Es frecuente observar que quienes vivieron una infancia difícil tienen personalidad complicada. La infancia nos marca de tal manera que puede determinar el destino, y las heridas que dejan el desamor o el exceso de protección hacen a las personas difíciles de querer o de soportar. 

2.- Nadie puede hacerte la vida imposible, a menos que tú lo permitas

No debes olvidar que nadie tiene control sobre ti, eso sólo ocurre si tú lo autorizas. 

Así como cada día la vida nos otorga regalos invaluables como ver, oír, comer, amar, también hay innumerables obsequios que la gente nos da, entre ellos palabras de afecto, de agradecimiento o reconocimiento, merecidos o no. Se nos reconoce o se nos adula con un fin: hacernos sentir bien, ganarse nuestro afecto u obtener cierto beneficio. Pero también existen quienes nos ofrecen ofensas o expresiones hirientes, merecidas o no, que muchos aceptamos sin reservarnos el derecho de admisión de tales palabras llenas de desprecio. Admiro a quienes se les resbala lo que no merecen y siguen su vida, sin engancharse en la forma o contenido de mensajes llenos de ira, mismos que sin duda pueden desestabilizar a seres más sensibles e influenciables.  


En cada momento las personas -conocidas o desconocidas- te ofrecen estos peculiares regalos y tú decides si les das importancia o no. Puedes aceptarlos, responder de la misma forma o dejarlos ahí, decirte a ti mismo: “no acepto este regalo, no es para mí, no merezco esta ofensa y la dejo para que se la lleve quien me la ofreció". 

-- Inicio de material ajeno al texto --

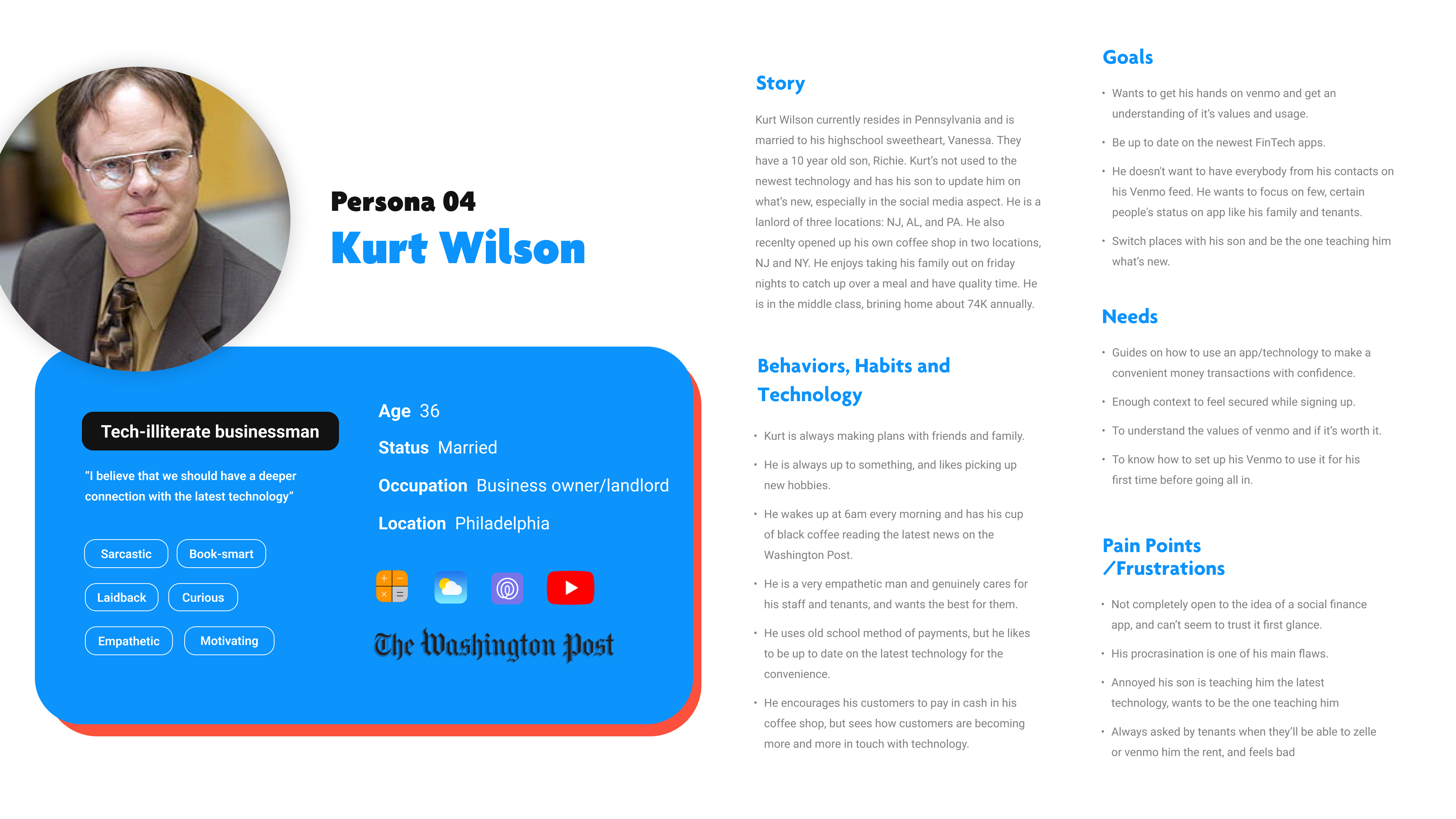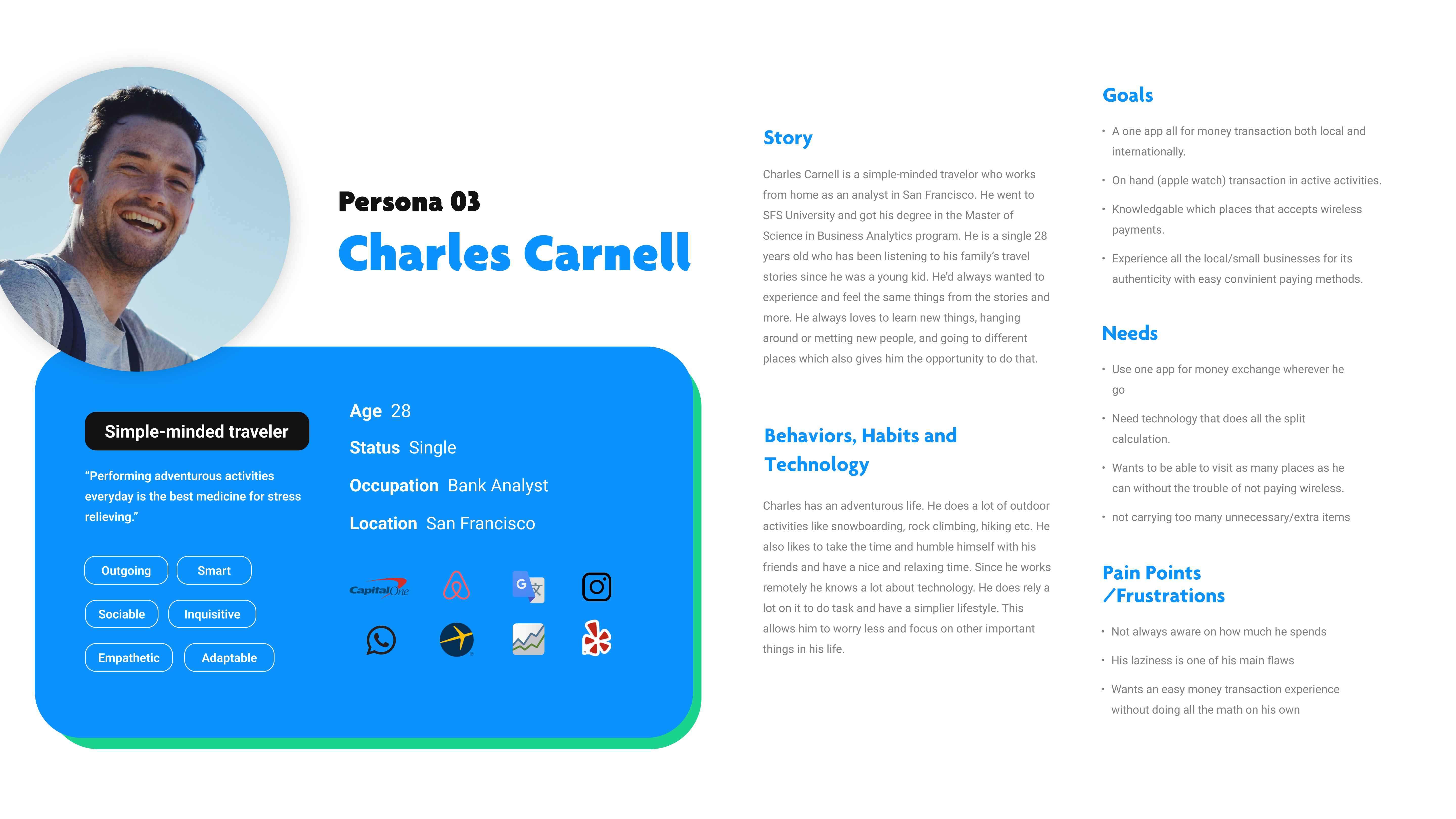 When developing the personas we focused on keeping a wide variety of users in our mind as money management affects all age and income groups.
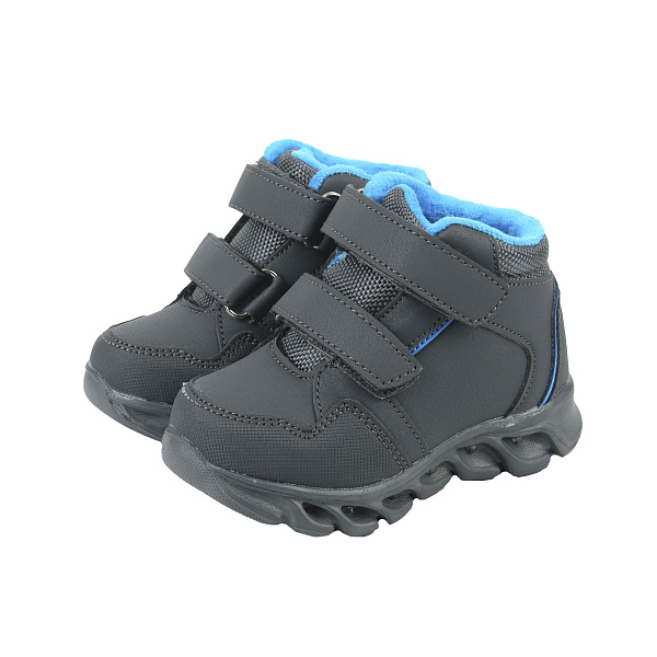Зимой и в межсезонье утепленные ботинки являются обязательной частью гардероба малыша. Ботинки для мальчиков ясельного возраста имеют прочную полимерную светящуюся подошву из ЭВА с рифленой подметкой. Материал верха – искусственная кожа и текстиль. Длинный язычок предохраняет от попадания внутрь снега и воды. Конструкция задника и носовой части плотно фиксирует ногу, но не стесняет движений. Ботинки застегиваются двумя липучками, прочно фиксирующими его на ноге. Подкладка обуви меховая, стельки утепленные. Цвет – темно-синий. Рельефная утолщенная подошва дополнена светодиодами, во время ходьбы они ярко мерцают и повышают безопасность в темное время суток.
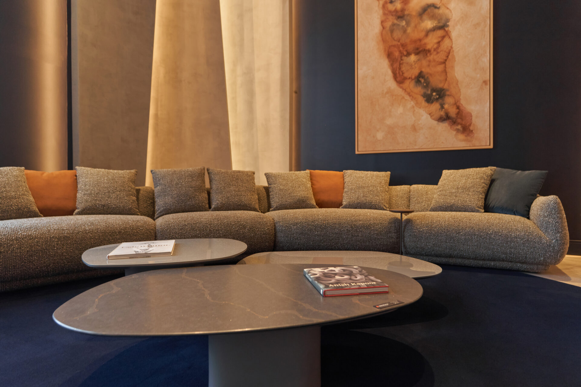 Dependendo da proposta do sofá, o tecido pode estar sempre retilíneo ou então mais disforme.
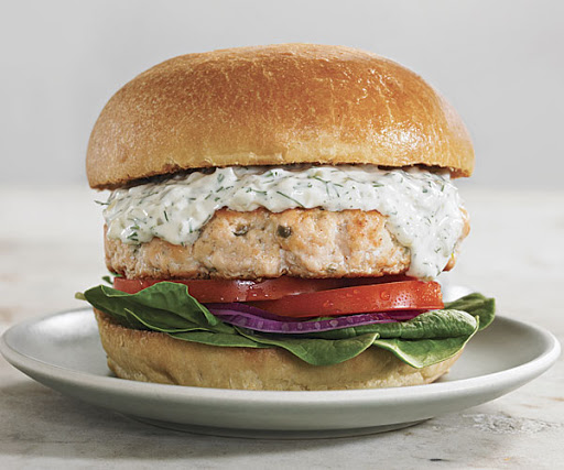 Fresh salmon, punched up with shallots, capers, and mustard, make up these savory burgers. Dress them with spinach, tomato, and a creamy dill sauce. Do make the sauce ahead of time. It could be a bit runny otherwise.
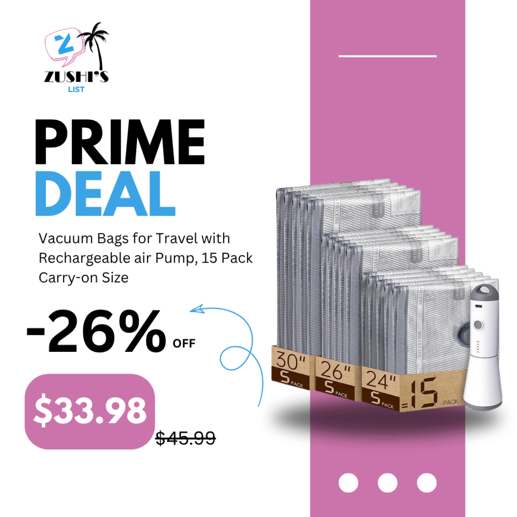 Vacuum Bags for Travel with Rechargeable air Pump, 15 Pack Carry-on Size Compression Packing Bags for Luggage and Suitcase, Space Saver for Clothes and Clothing Travel
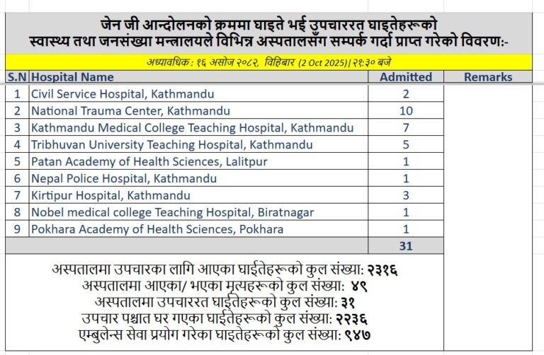 हालसम्म आन्दोलनका क्रममा अस्पतालमा आएका घाइतेहरूको कुल संख्या २,३१६ पुगेको छ। तीमध्ये २,२३६ जना उपचारपछि घर फर्किएका छन् भने ४९ जनाको मृत्यु भएको छ। एम्बुलेन्स सेवा प्रयोग गरेका घाइतेहरूको संख्या ९४७ रहेको मन्त्रालयले जनाएको छ।
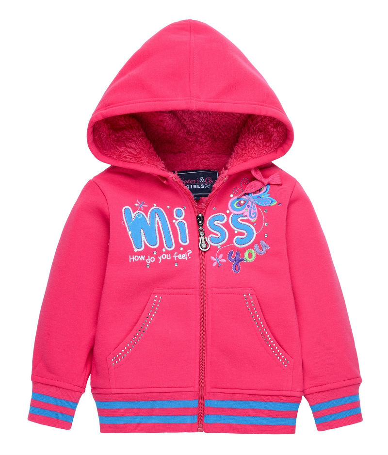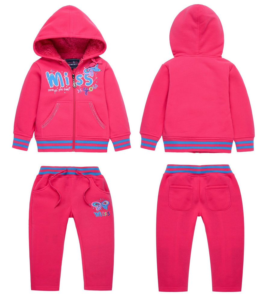 Great tracksuit with embroidery details is for girls. Soft material, thanks to inner coral fleece makes it easy to wear, as well as cute embroidery at the front of the top and pant, striped ribbed cuffs, waist and hemline. Comfortable for doing sports as well as casual
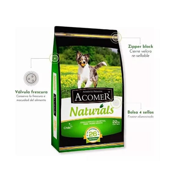 Fabricado En Chile / Acomer Naturals 26% de proteinas, sin colorantes artificiales, envase con cierre de velcro.
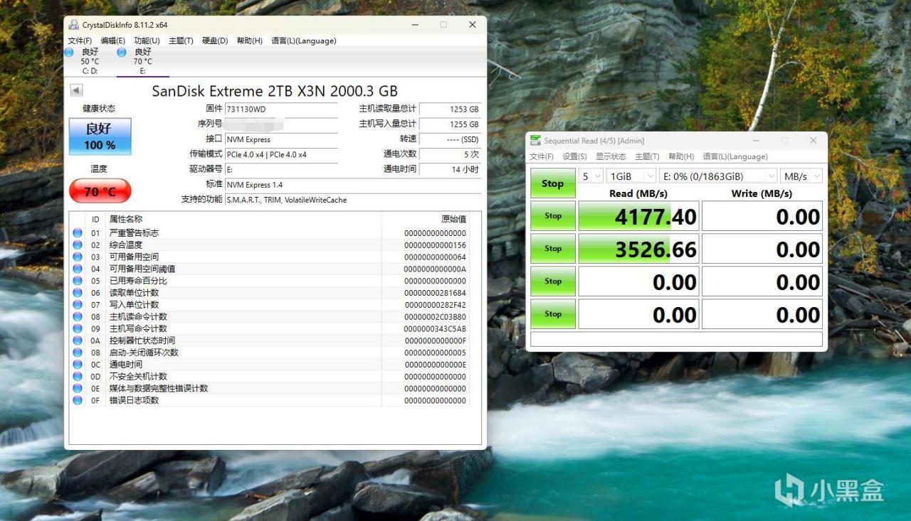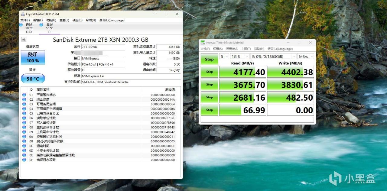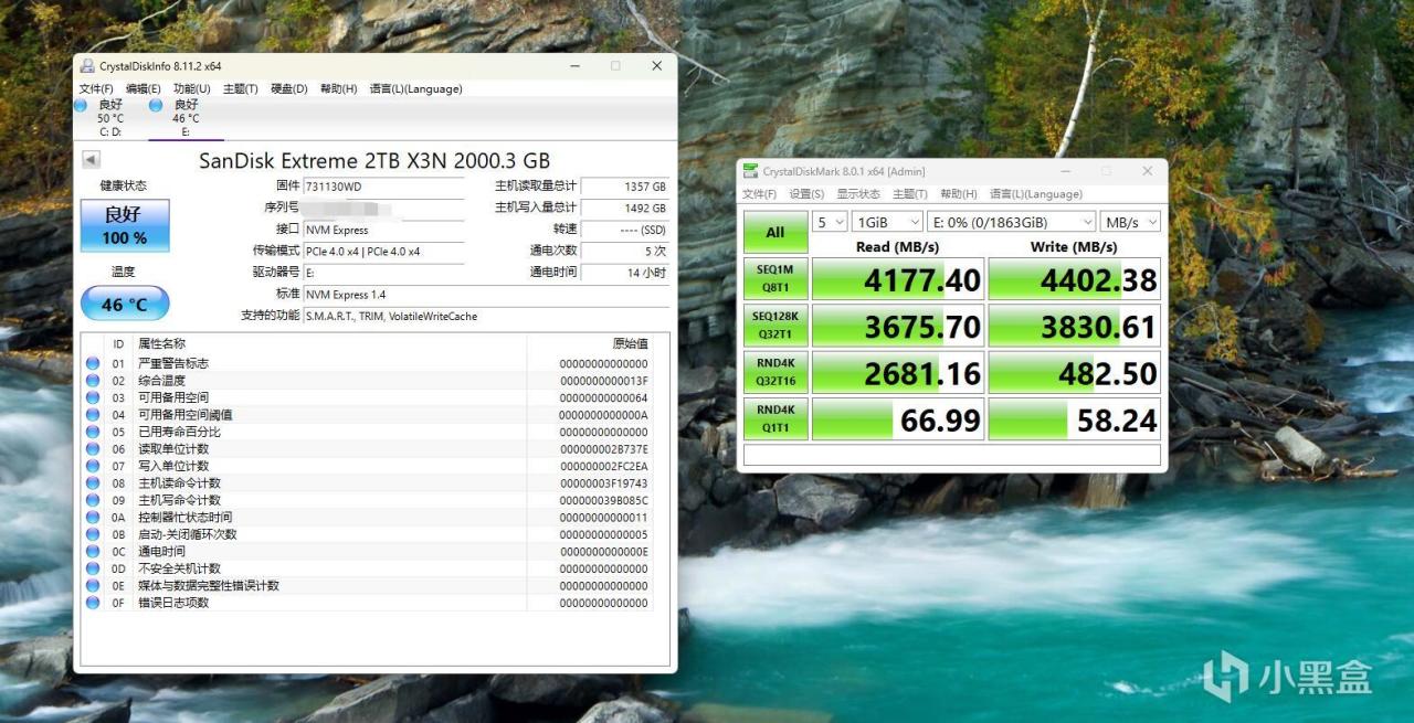 ▼剛跑完測試,固態硬盤溫度就回落到46℃左右。DiskMark測試方面,順序讀取速度4177MB/s、寫入速度4402MB/s,4K讀取66MB/s、寫入在58MB/s左右。
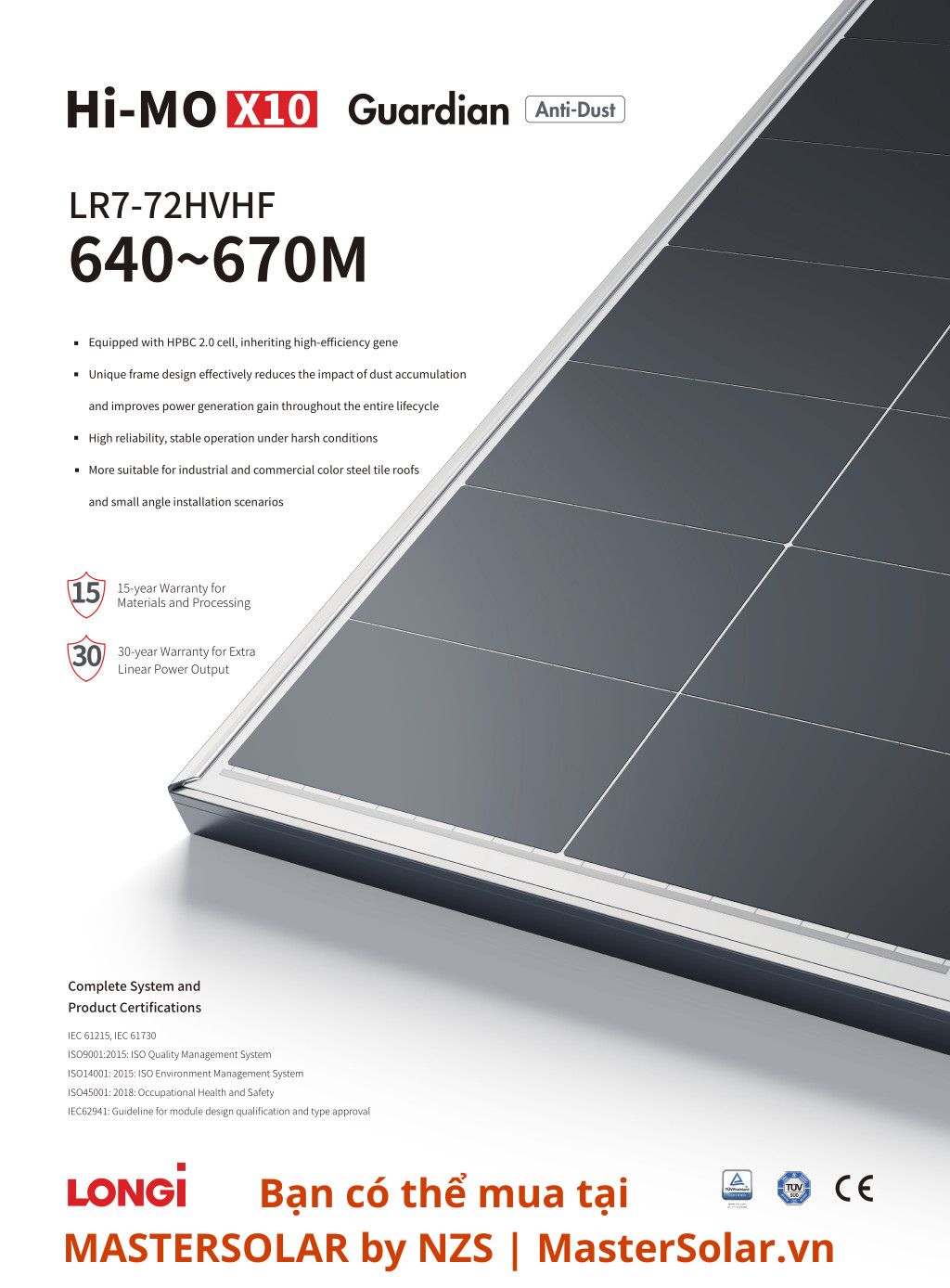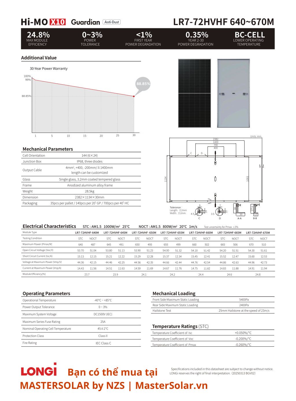 | Bảo hành | 15 năm sản phẩm, 30 năm hiệu suất (≥87.4% sau 30 năm) |
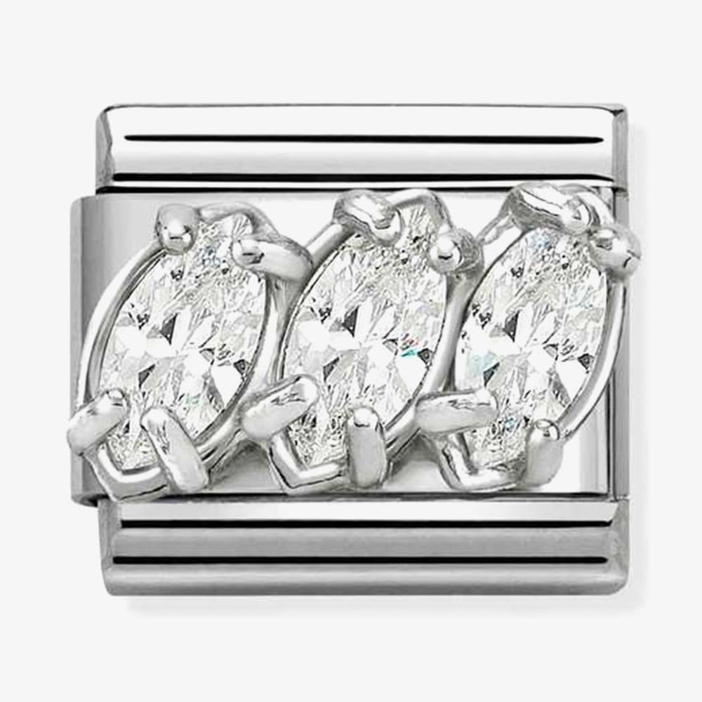 Add subtle elegance to your Nomination bracelet with this Classic Charm, crafted from stainless steel and sterling silver. The design features three white marquise-cut cubic zirconia stones, offering a refined sparkle and a timeless look. A graceful addition to any collection, perfect for everyday wear or special occasions.

No olvidaré jamás la templanza y la seguridad que mostró un cura en una reunión social a la que fue invitado. Entre los presentes había un hombre que, al saber que él era cura, empezó a despotricar ofensas por el desprecio que sentía hacia la Iglesia Católica, debido a ciertos acontecimientos negativos que involucraban a sacerdotes. Expresó delante de más de 20 personas su malestar por la presencia del religioso, la vergüenza que -según él- debía sentir por portar una sotana, y agregó ofensas contra su persona, inclusive por no casarse y formar una familia, poniendo en tela de duda su hombría. Fuerte, ¿no?

El sacerdote, que tranquilamente lo escuchaba tomando un refresco y comiendo una botana, dejó que el individuo terminara la sarta de insultos que cargaba, al parecer desde mucho tiempo atrás, contra la institución que él representaba. Al finalizar lo vio fijamente, sonrió y dijo: “Es tu opinión, amigo. La cual es muy respetable. No te digo que la agradezco, pero tampoco la acepto”. Punto.  

–Pero respóndame, ¿qué tiene que decir? –insistió el hombre.  

El cura le contestó que no era ni el momento ni el lugar para decir su opinión, pero con gusto lo recibiría, previa cita, en su parroquia, para hablar al respecto. La gente reprobó con miradas y comentarios lo ahí expresado, y sobre todo la forma en la que el hombre se dirigió al sacerdote. El padre siguió conviviendo ¡como si nada hubiera ocurrido! No aceptó las ofensas y mucho menos se las llevó. Probablemente le molestó, lo cual sería normal, pero no lo demostró.


El aprendizaje es claro y sencillo: no tenemos obligación de soportar las críticas. Lo mejor que puedes hacer es agradecer con amabilidad, y tal vez pensar en lo que te dicen. Todos tenemos el poder de decidir, pero no debemos caer en el juego de soportar las cargas emocionales de quienes nos rodean ni permitir que nos aplasten. Está en ti si aceptas y te dejas llevar por las emociones de quienes están contra tus ideas o tu forma de ser. Siempre tendrás el control del momento si mantienes la calma cuando otros están ofuscados. Y recuerda: nadie puede hacerte la vida imposible, a menos que tú lo autorices. 

¿Qué esperas para poner en práctica esta importante lección? ¡Ánimo, y hasta la próxima!